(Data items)
------------------------------------------------------------

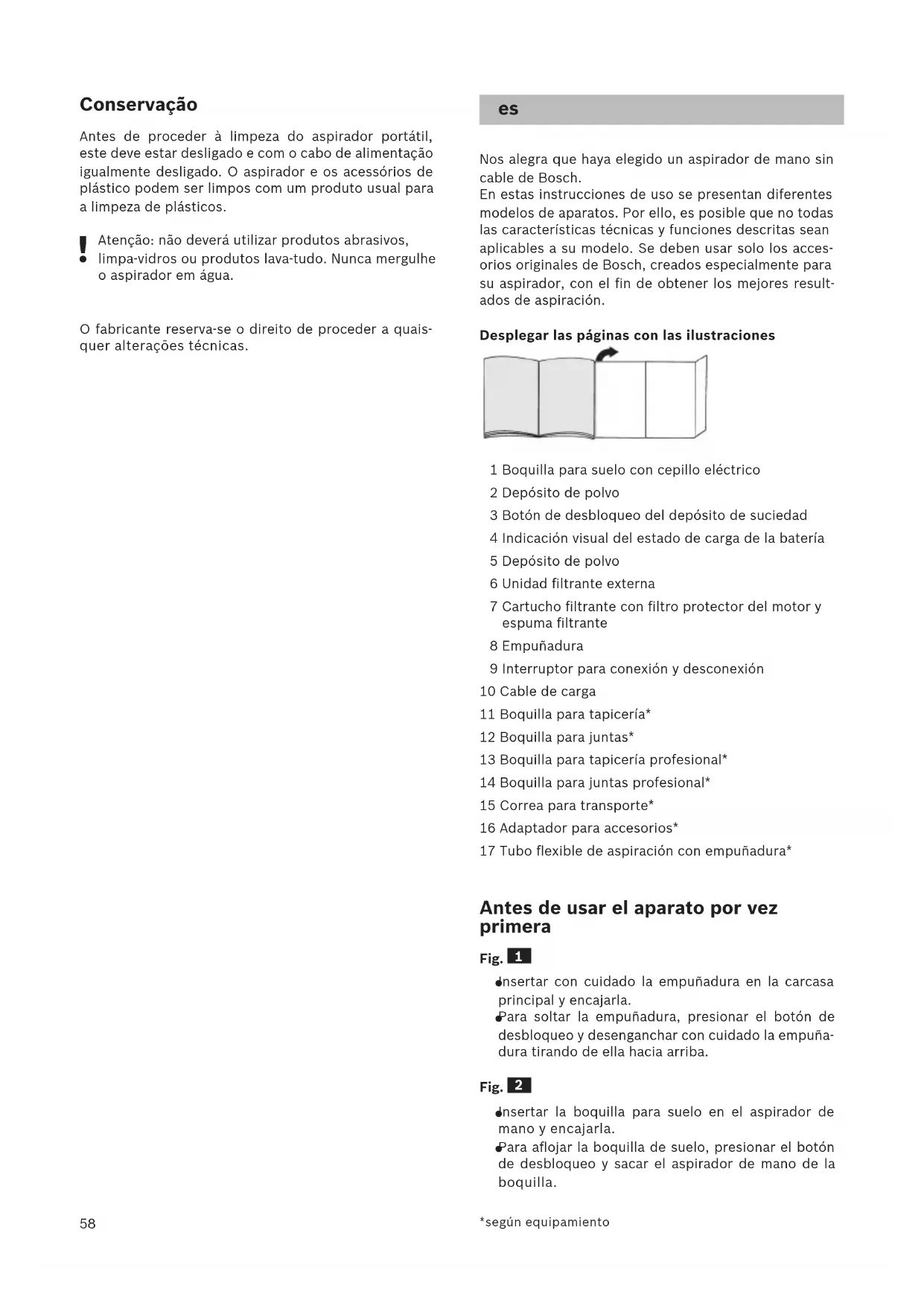 Nos alegra que haya elegido un aspirador de mano sin cable de Bosch. En estas instrucciones de uso se presentan diferentes modelos de aparatos. Por ello, es posible que no todas las características técnicas y funciones descritas sean aplicables a su modelo. Se deben usar solo los acces- orios originales de Bosch, creados especialmente para su aspirador, con el fin de obtener los mejores result- ados de aspiración. Desplegar las páginas con las ilustraciones 1 Boquilla para suelo con cepillo eléctrico 2 Depósito de polvo 3 Botón de desbloqueo del depósito de suciedad 4 Indicación visual del estado de carga de la batería 5 Depósito de polvo 6 Unidad filtrante externa 7 Cartucho filtrante con filtro protector del motor y espuma filtrante 8 Empuñadura 9 Interruptor para conexión y desconexión 10 Cable de carga 11 Boquilla para tapicería* 12 Boquilla para juntas* 13 Boquilla para tapicería profesional* 14 Boquilla para juntas profesional* 15 Correa para transporte* 16 Adaptador para accesorios* 17 Tubo flexible de aspiración con empuñadura* Antes de usar el aparato por vez primera Fig.
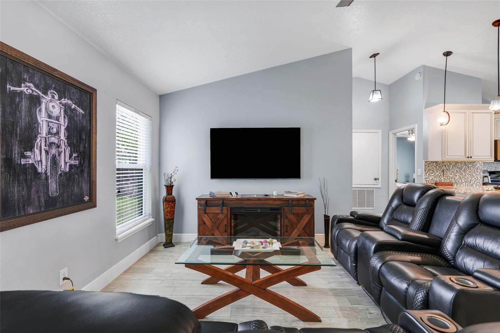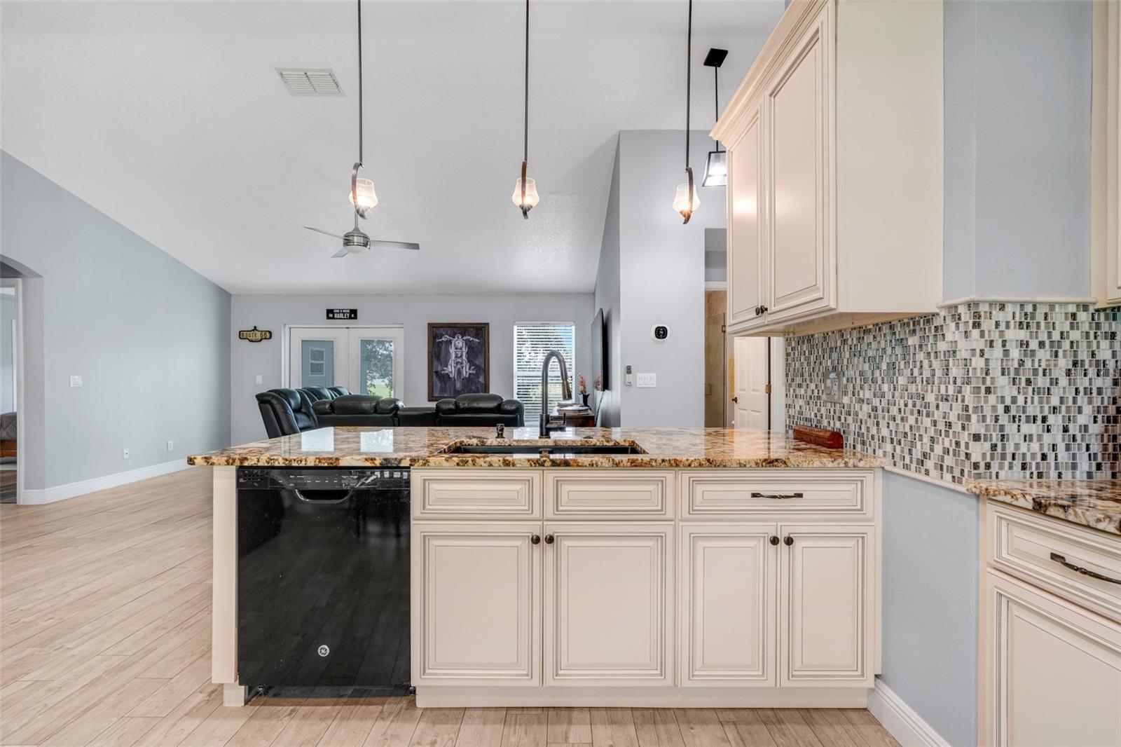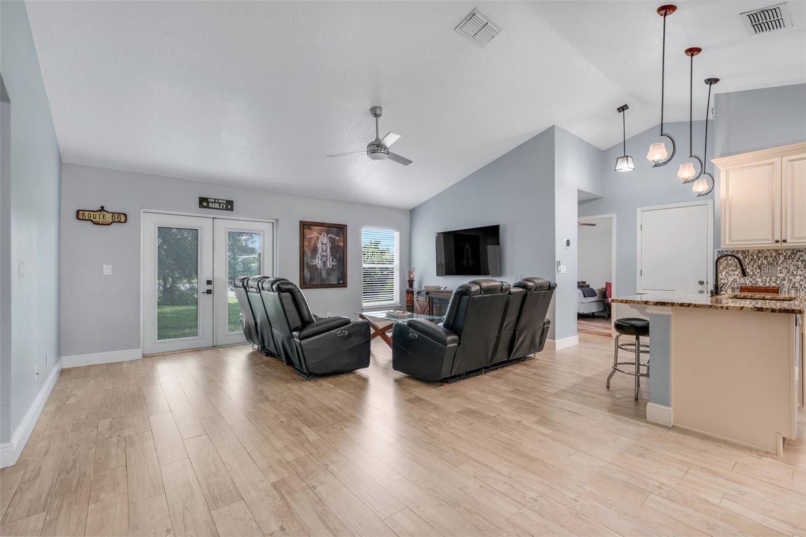 Welcome to this cozy, well-maintained 3-bedroom, 2-bathroom home in the desirable Crane’s Landing neighborhood. With 1,322 sq. ft. of living space, this block-constructed home offers a practical split floor plan, warm wood floors throughout, and an inviting dining area next to the upgraded kitchen. The kitchen features custom cabinets and level 4 granite countertops, blending style and functionality for everyday living or entertaining. Step outside to a large private backyard overlooking a peaceful pond — no rear neighbors means extra privacy and an open view. A custom guest shower adds a thoughtful upgrade inside. Conveniently located near South Lake High School and close to the new Hiawatha Reserve Park for outdoor recreation. You’re just 7 miles from the Florida Turnpike for an easy drive to Orlando. Spend the day at Walt Disney World — about 35 minutes away — or catch your flight at Orlando International Airport (MCO) in roughly 45 minutes. Shopping, dining, and everyday essentials are nearby in Clermont, with Clermont Landing shopping center about 15 minutes away. Perfect for first-time buyers or anyone seeking a comfortable home with modern upgrades in a great spot.
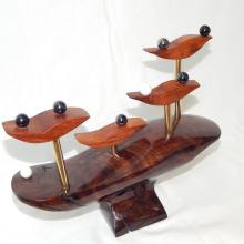 Padauk wood sculpture on a granite base, 39 cm x 33 cm x 10 cm, (base is 20 cm x 20 cm) 15.5” tall x 13” wide x 4” deep (Base: 8” x 8")
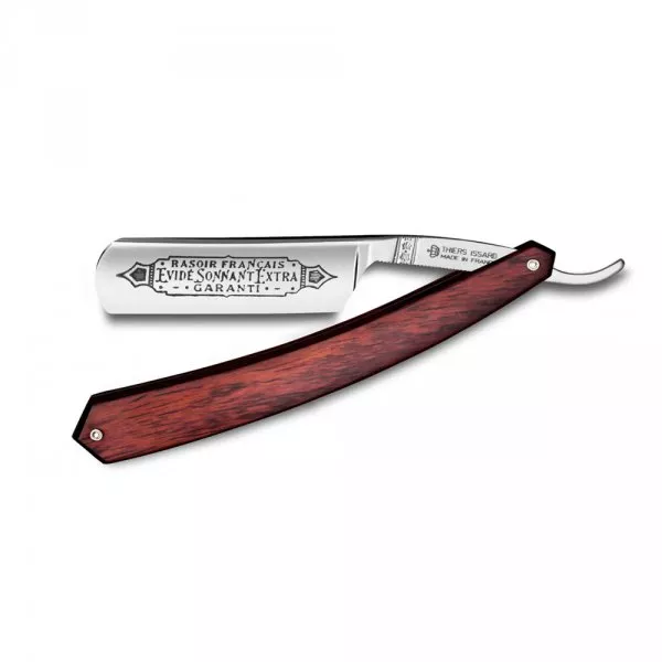 La gravure sur la face avant représente « Rasoir Français Evidé Sonnant Extra Garanti ».
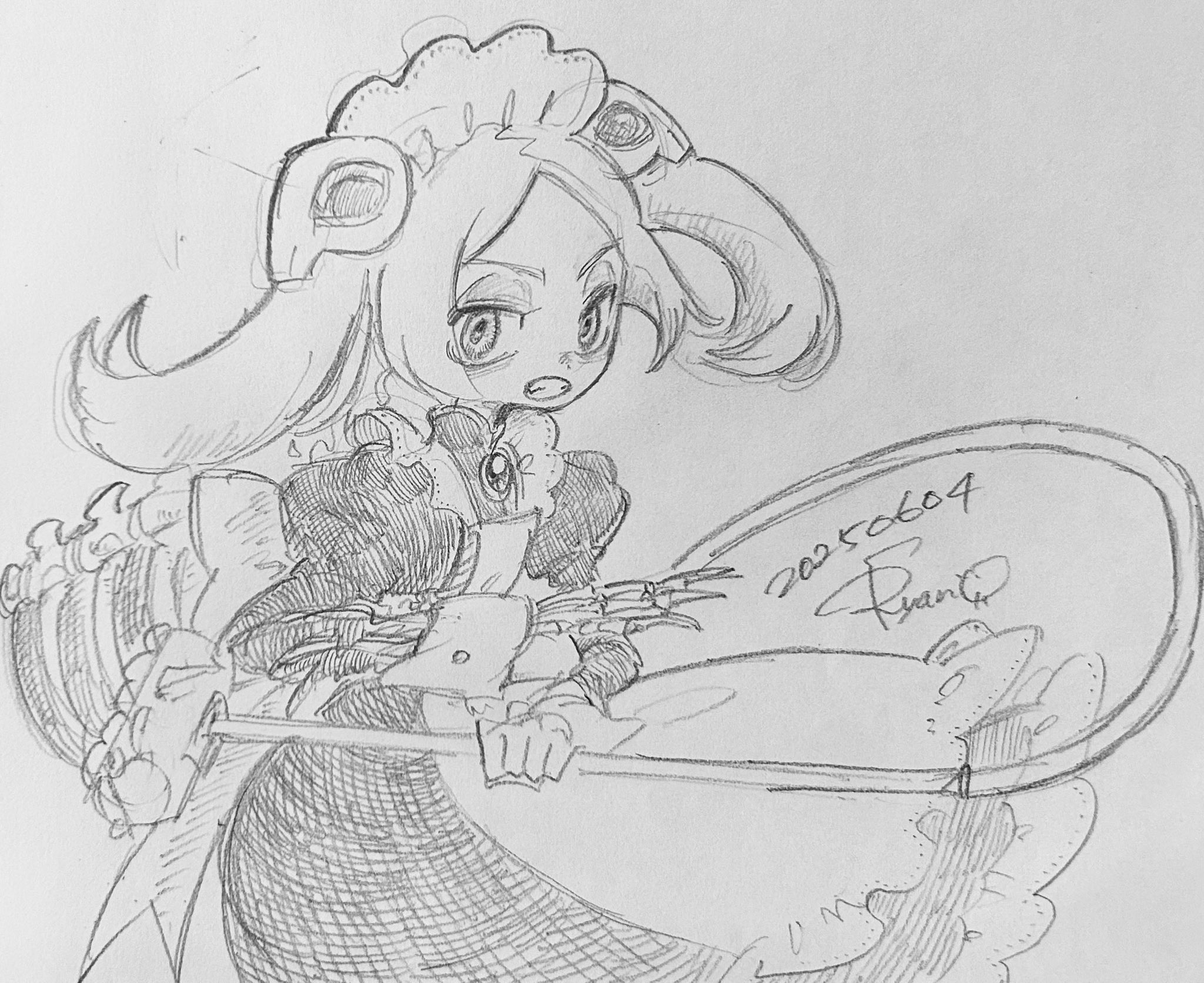 1girl2025apronbroochclenched teethdateddressfrilled apronfrilled dressfrillsgrey hairgreyscalehair ornamentjewelryjuliet sleeveslong sleeveslooking at viewermaid headdressmonochromeopen mouthpuffy sleevesskeletal handskull hair ornamentsoloteethtwintailsvacuum cleaner
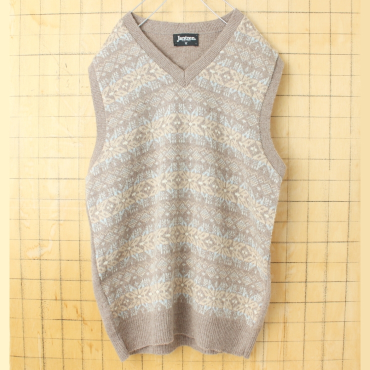 80s 90s USA製 Jantzen 総柄ウールニットベ…
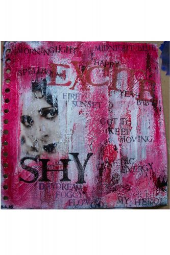 At last I’ve managed to upload my page on the word association topic. Tried a layered ‘peeling paint’ kind of effect over the page and pic and also rubbed in some acrylic paint to the bits I didn’t like! Used some of my responses to the list of words for this page – it was fun!
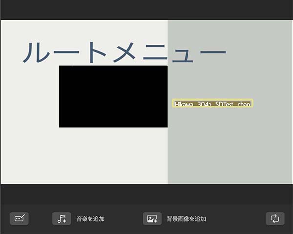 「ルートメニュー」の文言は、ディスクのタイトルがわかりやすいと思います。このプリセットは英語フォントでデザインされているので、英数字を使って書き換えた方が見栄え良く仕上がります。和文フォントを使うと、文字が大きすぎて間の抜けたデザインになってしまいます。なお、プリインストールされたプリセットメニューを使う場合、メニューの文字サイズの変更はできません。
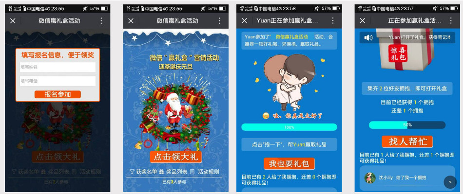 用户报名参加赢礼盒活动,然后邀请好友帮忙打开礼盒,达到礼盒打开人数要求,用户可以打开礼盒获得奖品;如果用户打开的是空礼盒,用户可以再次发起分享邀请,再次活动打开礼盒的机会 (后台可以设置用户有多少次重头再来的机会)
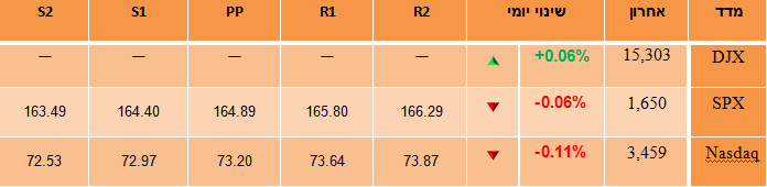 השוק החל את השבוע האחרון בדיוק באותו דפוס של השבועות האחרונים, כאשר ביום רביעי הוא רושם שיא נוסף של כל הזמנים ברמה של 169.07 נק' בתעודת הסל SPY שעוקבת אחרי מדד ה-S&P 500. נר "הבולען" שנוצר ביום רביעי עוטף את טווח המסחר של היום הקודם גם בגבוה היומי וגם בנמוך היומי ונחשב לאחד מנרות הריוורסל החזקים ביותר שבנמצא. השוק בילה את חמישי ושישי בנסיון תמיכה סביב ממוצע נע 20, על –כן רמה זו שנמצאת בתחילת השבוע ב-163.66 נק' תהווה את נקודת המבחן הראשונה עבור המגמה העולה. ירידה מרמה זו תוביל את השוק למטה אל עבר התמיכה המסומנת ברמת 159.71 נק' ותהווה ריטסט לפריצת תבנית "הספל וידית" האחרונה. תיקון עמוק יותר עשוי לדחוף את השוק לתמיכה בממוצע נע 50 ברמת 158.53 נק', עם תמיכה משמעותית נוספת באזור 153-153.50 נק'.

------------------------------------------------------------

(What to produce)
An exact copy of every line above is needed, without the images.

(Completed exercise)
 Nos alegra que haya elegido un aspirador de mano sin cable de Bosch. En estas instrucciones de uso se presentan diferentes modelos de aparatos. Por ello, es posible que no todas las características técnicas y funciones descritas sean aplicables a su modelo. Se deben usar solo los acces- orios originales de Bosch, creados especialmente para su aspirador, con el fin de obtener los mejores result- ados de aspiración. Desplegar las páginas con las ilustraciones 1 Boquilla para suelo con cepillo eléctrico 2 Depósito de polvo 3 Botón de desbloqueo del depósito de suciedad 4 Indicación visual del estado de carga de la batería 5 Depósito de polvo 6 Unidad filtrante externa 7 Cartucho filtrante con filtro protector del motor y espuma filtrante 8 Empuñadura 9 Interruptor para conexión y desconexión 10 Cable de carga 11 Boquilla para tapicería* 12 Boquilla para juntas* 13 Boquilla para tapicería profesional* 14 Boquilla para juntas profesional* 15 Correa para transporte* 16 Adaptador para accesorios* 17 Tubo flexible de aspiración con empuñadura* Antes de usar el aparato por vez primera Fig.
 Welcome to this cozy, well-maintained 3-bedroom, 2-bathroom home in the desirable Crane’s Landing neighborhood. With 1,322 sq. ft. of living space, this block-constructed home offers a practical split floor plan, warm wood floors throughout, and an inviting dining area next to the upgraded kitchen. The kitchen features custom cabinets and level 4 granite countertops, blending style and functionality for everyday living or entertaining. Step outside to a large private backyard overlooking a peaceful pond — no rear neighbors means extra privacy and an open view. A custom guest shower adds a thoughtful upgrade inside. Conveniently located near South Lake High School and close to the new Hiawatha Reserve Park for outdoor recreation. You’re just 7 miles from the Florida Turnpike for an easy drive to Orlando. Spend the day at Walt Disney World — about 35 minutes away — or catch your flight at Orlando International Airport (MCO) in roughly 45 minutes. Shopping, dining, and everyday essentials are nearby in Clermont, with Clermont Landing shopping center about 15 minutes away. Perfect for first-time buyers or anyone seeking a comfortable home with modern upgrades in a great spot.
 Padauk wood sculpture on a granite base, 39 cm x 33 cm x 10 cm, (base is 20 cm x 20 cm) 15.5” tall x 13” wide x 4” deep (Base: 8” x 8")
 La gravure sur la face avant représente « Rasoir Français Evidé Sonnant Extra Garanti ».
 1girl2025apronbroochclenched teethdateddressfrilled apronfrilled dressfrillsgrey hairgreyscalehair ornamentjewelryjuliet sleeveslong sleeveslooking at viewermaid headdressmonochromeopen mouthpuffy sleevesskeletal handskull hair ornamentsoloteethtwintailsvacuum cleaner
 80s 90s USA製 Jantzen 総柄ウールニットベ…
 At last I’ve managed to upload my page on the word association topic. Tried a layered ‘peeling paint’ kind of effect over the page and pic and also rubbed in some acrylic paint to the bits I didn’t like! Used some of my responses to the list of words for this page – it was fun!
 「ルートメニュー」の文言は、ディスクのタイトルがわかりやすいと思います。このプリセットは英語フォントでデザインされているので、英数字を使って書き換えた方が見栄え良く仕上がります。和文フォントを使うと、文字が大きすぎて間の抜けたデザインになってしまいます。なお、プリインストールされたプリセットメニューを使う場合、メニューの文字サイズの変更はできません。
 用户报名参加赢礼盒活动,然后邀请好友帮忙打开礼盒,达到礼盒打开人数要求,用户可以打开礼盒获得奖品;如果用户打开的是空礼盒,用户可以再次发起分享邀请,再次活动打开礼盒的机会 (后台可以设置用户有多少次重头再来的机会)
 השוק החל את השבוע האחרון בדיוק באותו דפוס של השבועות האחרונים, כאשר ביום רביעי הוא רושם שיא נוסף של כל הזמנים ברמה של 169.07 נק' בתעודת הסל SPY שעוקבת אחרי מדד ה-S&P 500. נר "הבולען" שנוצר ביום רביעי עוטף את טווח המסחר של היום הקודם גם בגבוה היומי וגם בנמוך היומי ונחשב לאחד מנרות הריוורסל החזקים ביותר שבנמצא. השוק בילה את חמישי ושישי בנסיון תמיכה סביב ממוצע נע 20, על –כן רמה זו שנמצאת בתחילת השבוע ב-163.66 נק' תהווה את נקודת המבחן הראשונה עבור המגמה העולה. ירידה מרמה זו תוביל את השוק למטה אל עבר התמיכה המסומנת ברמת 159.71 נק' ותהווה ריטסט לפריצת תבנית "הספל וידית" האחרונה. תיקון עמוק יותר עשוי לדחוף את השוק לתמיכה בממוצע נע 50 ברמת 158.53 נק', עם תמיכה משמעותית נוספת באזור 153-153.50 נק'.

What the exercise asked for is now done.